## TASK PROMPT
Without adding anything, give again the lines from the one holding "防晒手套女防紫外线2026新款冰丝夏季薄电动开车骑行露指加长手套" through the final line of the records, exactly, with both ends included and pictures dropped.

┌─ RECORDED INFORMATION

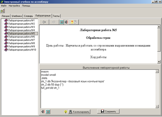 Закладка “Лабораторные” содержит лабораторны, объединеные по темам. Выбрать лабораторную нужно в левой части окна – обозначено 1 на рисунке В.3 приложения В. В правой части окна, обозначенной 2 на рисунке, показывается текст выбранной лабораторной. В правой нижней части окна, обозначенной 3 на рисунке можно выполнить лабораторную, сохранить в файл, откомпилировать.
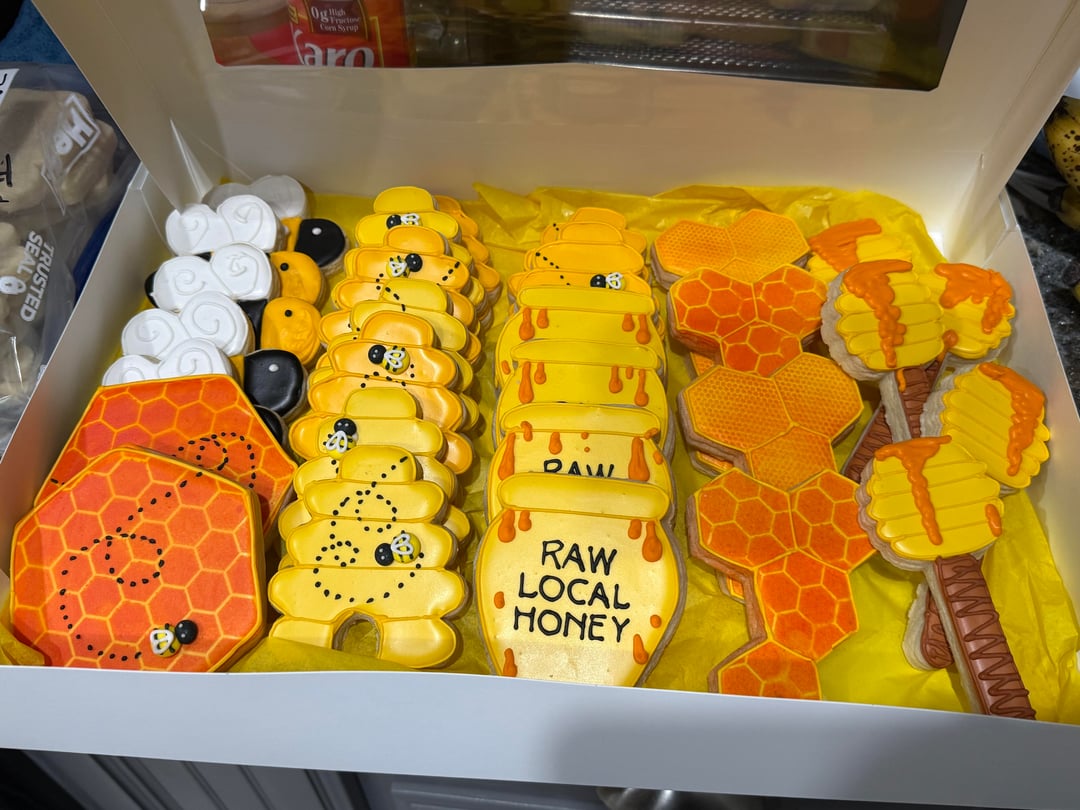 Customer asked for the cookies not to be individually wrapped, but I can’t wait until she gets these! by Unique-Point-8818 4 Comments kswishy 1 month ago Super cute! Are the little bee’s icing transfers? Love_And_Butter 1 month ago Super cute! The colors are so vibrant! Savory_Snackmix 1 month ago These look great! msladydi8 1 month ago So adorable! The beehives are my favorite
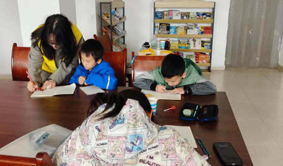在书法课上,志愿者手把手教孩子们握笔、运笔,从基本笔画到简单汉字,耐心纠正姿势,孩子们一笔一划认真练习,墨香中透着专注。
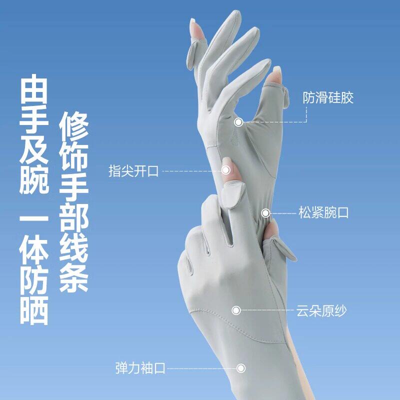 防晒手套女防紫外线2026新款冰丝夏季薄电动开车骑行露指加长手套
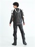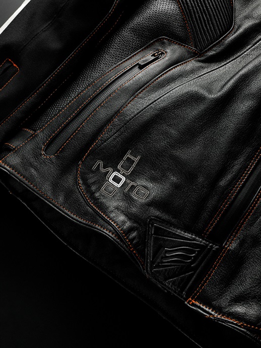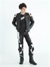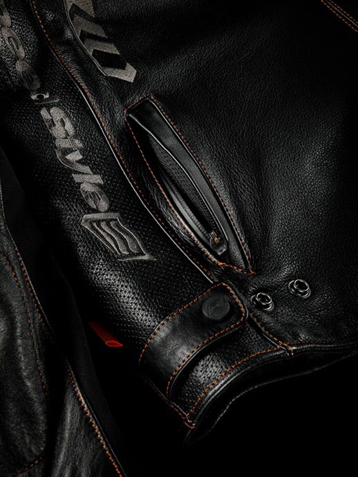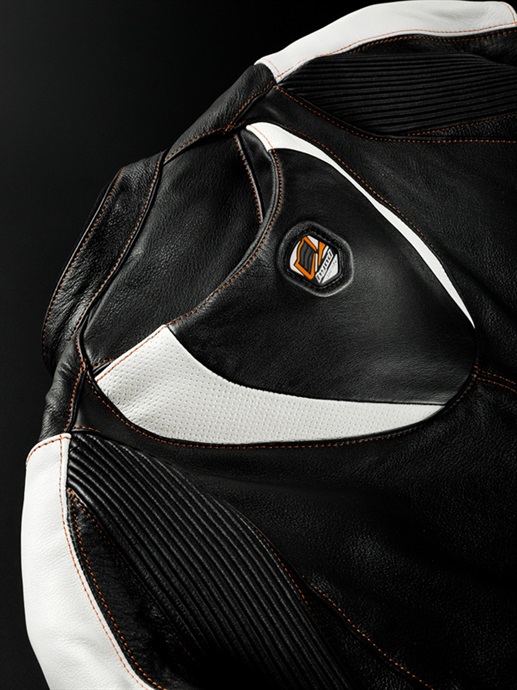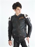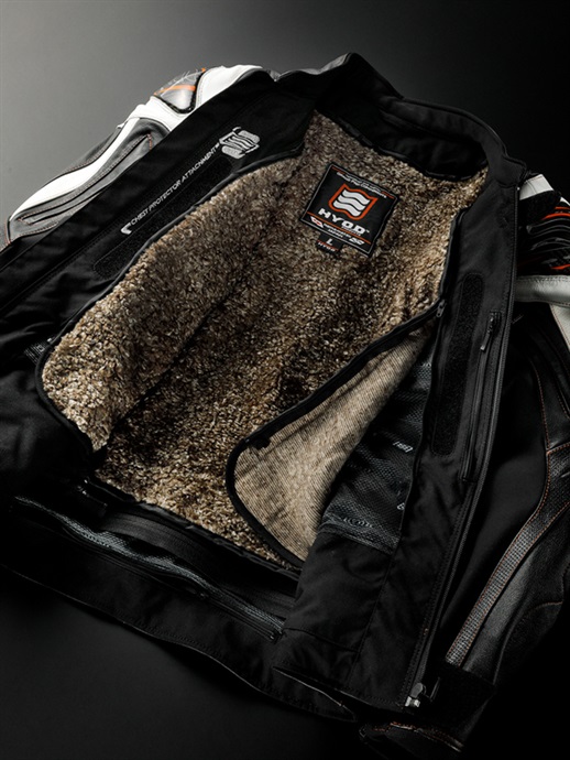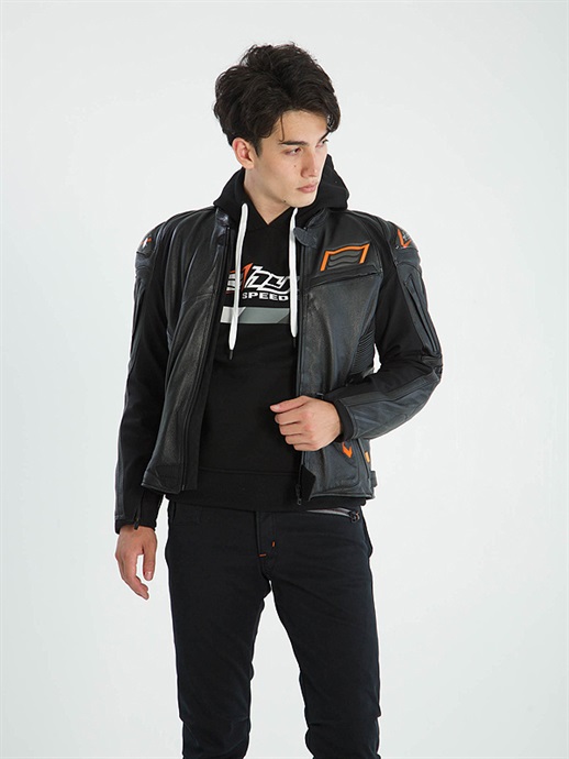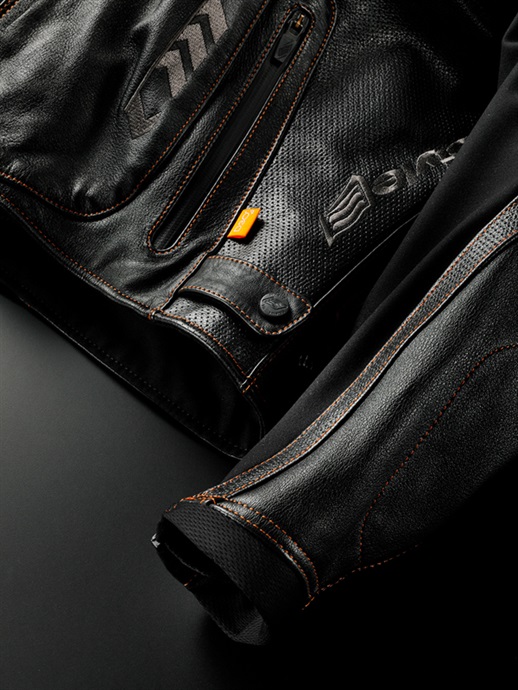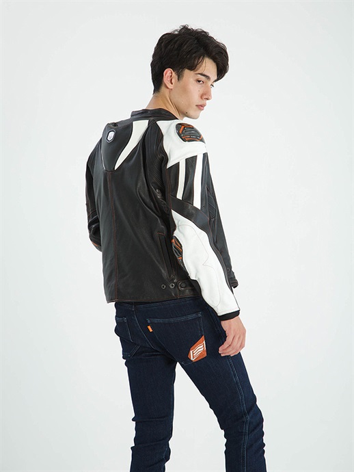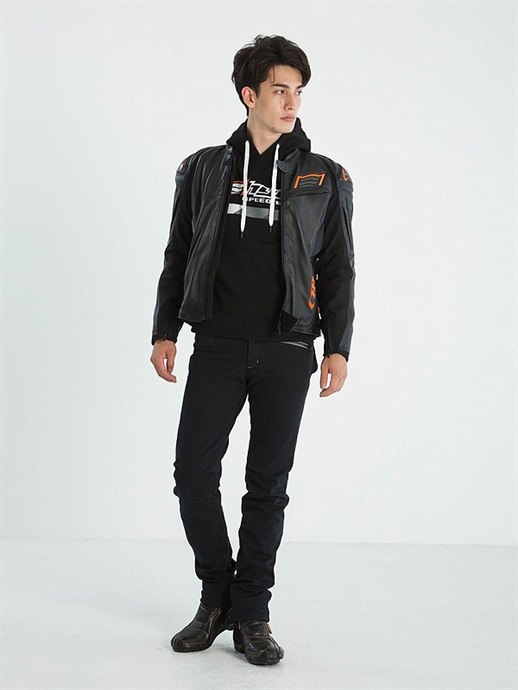 左右非対称デザインとグラフィックがスポーツマインドを奮わせる、ST-Xレザージャケットの上級スポーツモデルです。素材のレザーは着心地軽やかなカウライトレザーメインに使い、耐摩耗強度に優れるドットエンボスレザーを部分的に組み合わせています。本体裏地には吸汗・速乾性に優れたHYODロゴが入ったエアーメッシュを採用するほか、着脱可能なアクリルシープボアベストも装備しています。肩と肘には従来モデルに搭載されていたD3O®プロテクターから通気性に優れたD3O® AIRプロテクターを採用し、外側にはアウターカーボンプロテクターを装備。また、背中にはD3O® VIPER STEALTHバックボーンプロテクターを装備しています。その他にもスポーツネックガード、脇シャーリングを装備、さらには脇から袖口にかけて防風ストレッチナイロンを使い運動性を向上させています。胸部にはチェストプロテクターを装着するためのアタッチメントを標準装備。パンツとのジョイントが可能なHYODスポーツシステムも装備しています。

└─

## ANSWER SECTION
 防晒手套女防紫外线2026新款冰丝夏季薄电动开车骑行露指加长手套
 左右非対称デザインとグラフィックがスポーツマインドを奮わせる、ST-Xレザージャケットの上級スポーツモデルです。素材のレザーは着心地軽やかなカウライトレザーメインに使い、耐摩耗強度に優れるドットエンボスレザーを部分的に組み合わせています。本体裏地には吸汗・速乾性に優れたHYODロゴが入ったエアーメッシュを採用するほか、着脱可能なアクリルシープボアベストも装備しています。肩と肘には従来モデルに搭載されていたD3O®プロテクターから通気性に優れたD3O® AIRプロテクターを採用し、外側にはアウターカーボンプロテクターを装備。また、背中にはD3O® VIPER STEALTHバックボーンプロテクターを装備しています。その他にもスポーツネックガード、脇シャーリングを装備、さらには脇から袖口にかけて防風ストレッチナイロンを使い運動性を向上させています。胸部にはチェストプロテクターを装着するためのアタッチメントを標準装備。パンツとのジョイントが可能なHYODスポーツシステムも装備しています。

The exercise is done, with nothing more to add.